By Gail Thomson, originally published in Conservation Namibia

I am indebted to three elephant experts for their input into this article.

Human-elephant conflict: Managing elephants in a landscape that includes rural human communities is a major challenge in countries where elephant populations are increasing as a result of successful conservation measures. Namibia, Botswana and Zimbabwe, in particular, must find ways to help their citizens living in rural areas to coexist with these great grey beasts that can be enchanting or terrifying, depending on your point of view.

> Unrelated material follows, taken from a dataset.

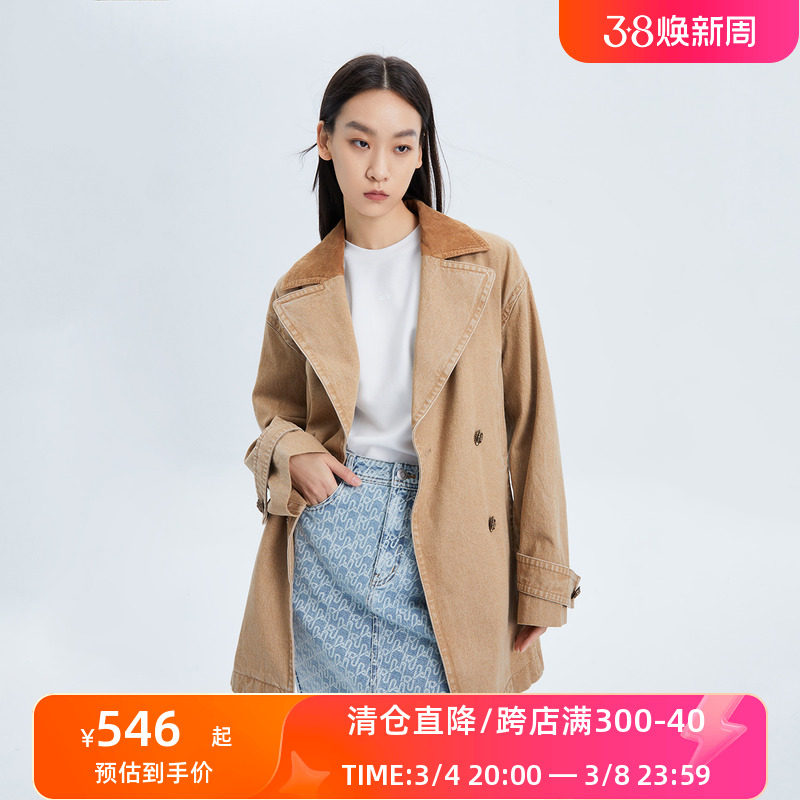 【商场同款】LILY2023春新款女装复古时尚通勤牛仔风衣外套小个子

In a previous article on the topic of elephants, hunting and coexistence with human communities, I pointed out that research findings on elephants must be balanced with the perspectives and needs of rural communities to make reasonable policies. Although the problems associated with human-elephant conflict were considered, we did not focus on addressing the conflict itself. In this article, we go a bit deeper into the role that research can play in managing human-elephant conflict. Namibia would benefit greatly from targeted research in this area that answers key questions for wildlife managers. If you are a student or researcher thinking about topics that can have real-world conservation outcomes, listen up.

First, let’s establish the difference between hunting elephants in order to reduce conflict with local communities and hunting to generate revenue and meat (the latter is called conservation hunting in Namibia, and trophy or sport hunting elsewhere). The conservation hunting concept is based on the principle that people living with elephants and other wildlife should benefit materially from their presence. Generating revenue and meat from elephants increases tolerance for the species and thus indirectly promotes human-elephant coexistence. Conservancies in Namibia use the income from conservation hunting to employ over 600 community game guards that assist with reporting conflict incidents and wildlife monitoring. At the national and conservancy level, conservation hunting income also contributes to the Human-Wildlife Conflict Self-Reliance Scheme, thus playing an important general role in addressing conflict. Conservation hunting is not, however, the primary topic discussed here.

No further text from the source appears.